Limites et défis du RAG à ne pas sous-estimer

Le RAG n’est pas une solution universelle sans compromis. Le premier écueil est documentaire : si votre base de connaissances contient des informations obsolètes, contradictoires ou mal structurées, le modèle va amplifier ces défauts. Le principe « garbage in, garbage out » s’applique avec une rigueur particulière ici.

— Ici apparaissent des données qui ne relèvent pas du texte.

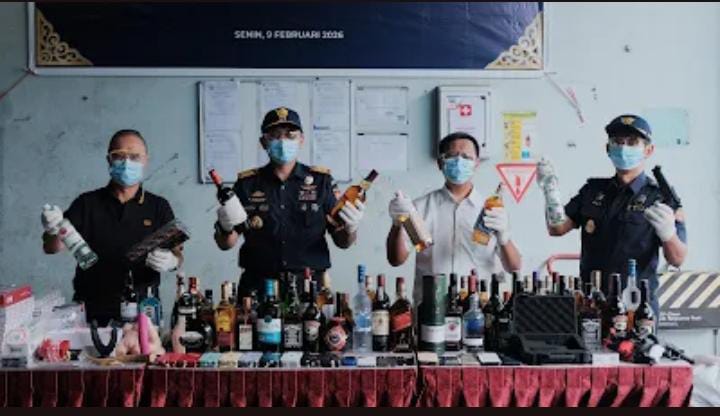 - Barang Kena Cukai Minuman Mengandung Etil Alkohol (BKC MMEA) sebanyak 2.044 botol dan 4 jerigen, dengan nilai perkiraan Rp827,5 juta.

La latence est un autre point de friction réel. Chaque requête déclenche une recherche vectorielle, un reranking potentiel, puis une génération – le tout peut prendre plusieurs secondes.

Pour des applications nécessitant des réponses en moins d’une seconde, cette architecture impose des optimisations d’infrastructure non triviales (cache sémantique, reranking allégé).

Le conflit entre connaissances récupérées et connaissances parametriques du LLM pose aussi des problèmes concrets.

Un document récupéré peut contredire ce que le modèle « sait » de son entraînement – et le comportement du système dans ces cas dépend fortement du prompt et du modèle utilisé. Sans garde-fous explicites, le modèle peut choisir ses propres connaissances plutôt que le document fourni.

Enfin, le coût d’infrastructure vectorielle monte vite à l’échelle. Indexer quelques milliers de documents coûte peu ; indexer plusieurs millions de passages dans plusieurs langues, avec des mises à jour fréquentes, demande une architecture robuste et un budget dédié.

Dans ces contextes, un fine-tuning ciblé sur un domaine stable peut s’avérer plus économique sur le long terme.

Le RAG a rendu les LLMs utiles pour les vrais besoins métier – pas parce qu’il les rend omniscients, mais parce qu’il leur donne accès aux bonnes informations au bon moment. C’est précisément cette humilité architecturale qui fait sa force.